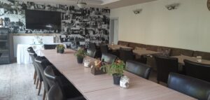 Dnes, keď sa posadíte na terasu reštaurácie, máte pred sebou úchvatný výhľad priamo na golfové ihrisko. Zeleň trávnika sa jemne mieša s modrou oblohou a vytvára tak ideálne miesto pre oddych a romantické chvíle. Vzduch je naplnený vôňou kvetov a jemným šumom vetra, čo pridáva k celkovej atmosfére pokoja a pohody. Interiér reštaurácie je harmonickým spojením moderného dizajnu a historických prvkov. Dlhé stoly pokryté bielymi obrusmi sú zdobené čerstvými kvetinami, ktoré miestnosti dodávajú sviežosť. Pohodlné kožené stoličky lákajú k dlhým rozhovorom pri káve alebo lahodnom jedle. Na stenách visia čierno-biele fotografie, ktoré pripomínajú slávne okamihy z minulosti a dodávajú priestoru kultúrny charakter.
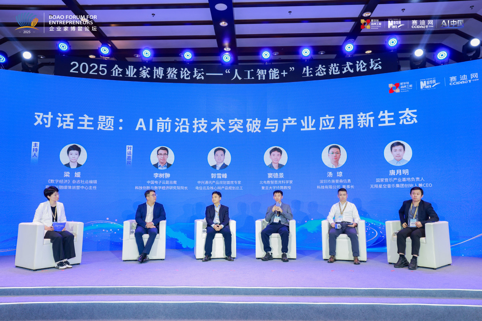 12月3日,2025企业家博鳌论坛“人工智能+”生态范式论坛的核心环节——“AI+:技术向善,产业向新”圆桌对话,在博鳌迎来了技术与产业的思想热潮。本次圆桌对话由《数字经济》杂志社总编辑、雷竞技app下载安卓 融媒体运营中心主任梁媛主持,汇聚了中国电子云副总裁、科技创新与数字经济研究院院长李树翀,中兴通讯产品规划首席专家、电信云及核心网产品规划总工郭雪峰,北电数智首席科学家、复旦大学特聘教授窦德景,深圳市辰普森信息科技有限公司董事长汤琼,国家音乐产业基地负责人、无限星空音乐集团创始人兼CEO唐月明五位行业领军者,围绕“技术向善,产业向新”这一核心主题,共同探讨AI技术突破与产业融合的深层逻辑,给出了兼具高度与落地性的思考。
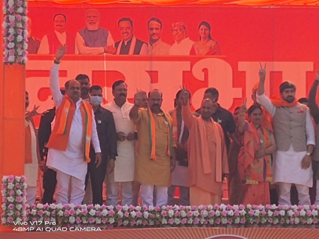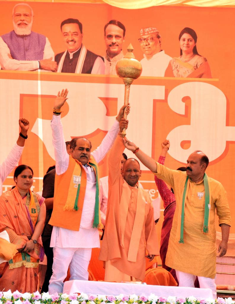 कार्यक्रम के दौरान भारतीय जनता पार्टी के सदर विधानसभा के प्रत्याशी अशोक कुमार सिंह और जिला पंचायत के अध्यक्ष मनोज राय ने मुख्यमंत्री को गदा भेंटकर उनका स्वागत और सम्मान किया। दौरान मंच पर भाजपा के क्षेत्रीय अध्यक्ष धर्मेंद्र सिंह, पूर्व सांसद हरिनरायन राजभर, एमएलसी यशवंत सिंह, मऊ जनपद के प्रभारी सहजानंद राय, लखनऊ विश्वविद्यालय के छात्र संघ के पूर्व अध्यक्ष बजरंगी सिंह बज्जू, युवा नेता शक्ति सिंह, श्रीमती मंजू सिंह, हिन्दू युवा वाहिनी के जिलाध्यक्ष अजय सिंह, भाजपा जिलाध्यक्ष प्रवीण गुप्ता, पूर्व राज्यमंत्री अजय कुमार, त्रिवेणी सर्राफ, अखिलेश राजभर, अखिलेश तिवारी, संजीव जायसवाल डिंपल, श्रीमती नूपुर अग्रवाल आदि मौजूद रहे।
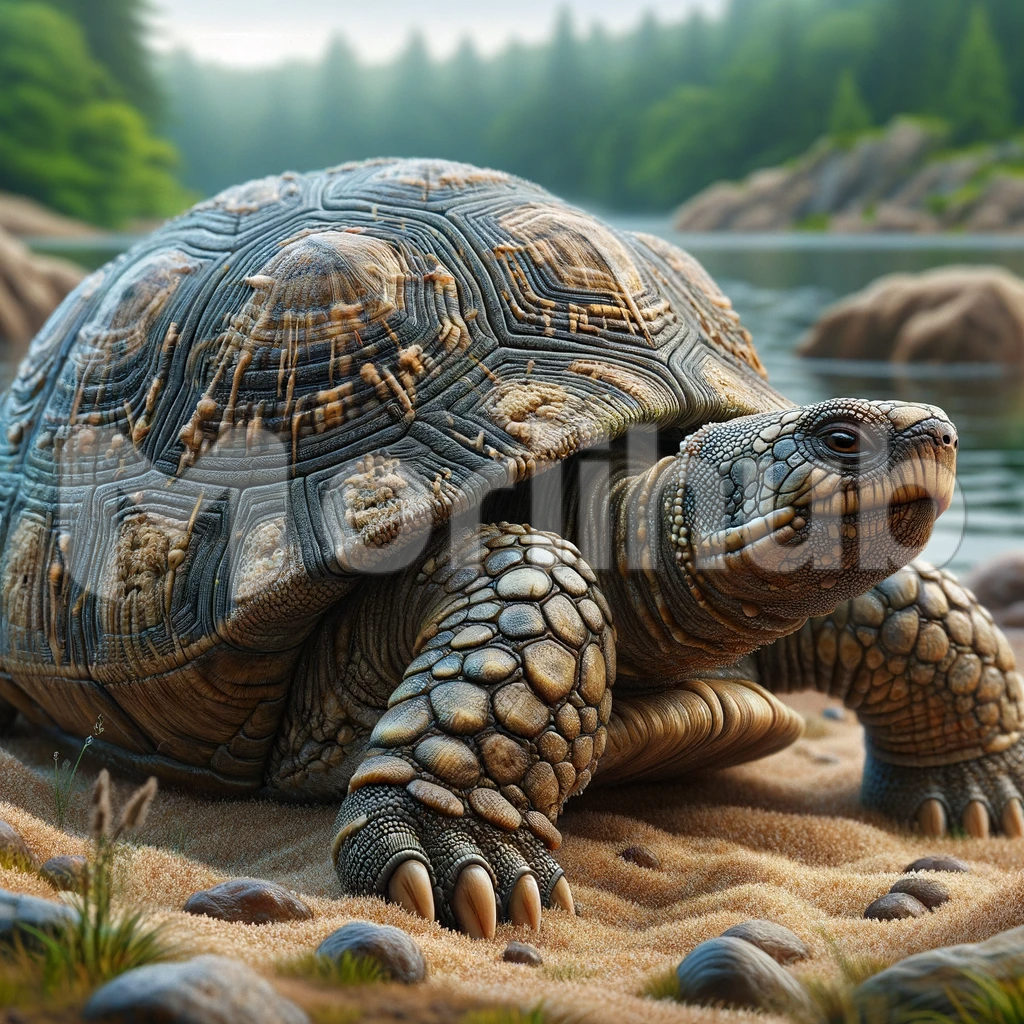 In this vivid, lifelike tableau, a majestic turtle basks in its natural habitat. The turtle’s aged and weathered shell, covered in intricate patterns, glistens in the sunlight. Its feet, bearing the marks of countless journeys, dig into the damp sand near a tranquil pond. Its eyes, reflecting wisdom earned over the years, gaze serenely into the distance. This exquisite scene captures the harmony of nature and the timeless beauty of this ancient creature.

> _Problem to solve_
Leave the pictures out and copy the rest of the data exactly.

> _Solution to this task_
 Dnes, keď sa posadíte na terasu reštaurácie, máte pred sebou úchvatný výhľad priamo na golfové ihrisko. Zeleň trávnika sa jemne mieša s modrou oblohou a vytvára tak ideálne miesto pre oddych a romantické chvíle. Vzduch je naplnený vôňou kvetov a jemným šumom vetra, čo pridáva k celkovej atmosfére pokoja a pohody. Interiér reštaurácie je harmonickým spojením moderného dizajnu a historických prvkov. Dlhé stoly pokryté bielymi obrusmi sú zdobené čerstvými kvetinami, ktoré miestnosti dodávajú sviežosť. Pohodlné kožené stoličky lákajú k dlhým rozhovorom pri káve alebo lahodnom jedle. Na stenách visia čierno-biele fotografie, ktoré pripomínajú slávne okamihy z minulosti a dodávajú priestoru kultúrny charakter.
 12月3日,2025企业家博鳌论坛“人工智能+”生态范式论坛的核心环节——“AI+:技术向善,产业向新”圆桌对话,在博鳌迎来了技术与产业的思想热潮。本次圆桌对话由《数字经济》杂志社总编辑、雷竞技app下载安卓 融媒体运营中心主任梁媛主持,汇聚了中国电子云副总裁、科技创新与数字经济研究院院长李树翀,中兴通讯产品规划首席专家、电信云及核心网产品规划总工郭雪峰,北电数智首席科学家、复旦大学特聘教授窦德景,深圳市辰普森信息科技有限公司董事长汤琼,国家音乐产业基地负责人、无限星空音乐集团创始人兼CEO唐月明五位行业领军者,围绕“技术向善,产业向新”这一核心主题,共同探讨AI技术突破与产业融合的深层逻辑,给出了兼具高度与落地性的思考。
 कार्यक्रम के दौरान भारतीय जनता पार्टी के सदर विधानसभा के प्रत्याशी अशोक कुमार सिंह और जिला पंचायत के अध्यक्ष मनोज राय ने मुख्यमंत्री को गदा भेंटकर उनका स्वागत और सम्मान किया। दौरान मंच पर भाजपा के क्षेत्रीय अध्यक्ष धर्मेंद्र सिंह, पूर्व सांसद हरिनरायन राजभर, एमएलसी यशवंत सिंह, मऊ जनपद के प्रभारी सहजानंद राय, लखनऊ विश्वविद्यालय के छात्र संघ के पूर्व अध्यक्ष बजरंगी सिंह बज्जू, युवा नेता शक्ति सिंह, श्रीमती मंजू सिंह, हिन्दू युवा वाहिनी के जिलाध्यक्ष अजय सिंह, भाजपा जिलाध्यक्ष प्रवीण गुप्ता, पूर्व राज्यमंत्री अजय कुमार, त्रिवेणी सर्राफ, अखिलेश राजभर, अखिलेश तिवारी, संजीव जायसवाल डिंपल, श्रीमती नूपुर अग्रवाल आदि मौजूद रहे।
 In this vivid, lifelike tableau, a majestic turtle basks in its natural habitat. The turtle’s aged and weathered shell, covered in intricate patterns, glistens in the sunlight. Its feet, bearing the marks of countless journeys, dig into the damp sand near a tranquil pond. Its eyes, reflecting wisdom earned over the years, gaze serenely into the distance. This exquisite scene captures the harmony of nature and the timeless beauty of this ancient creature.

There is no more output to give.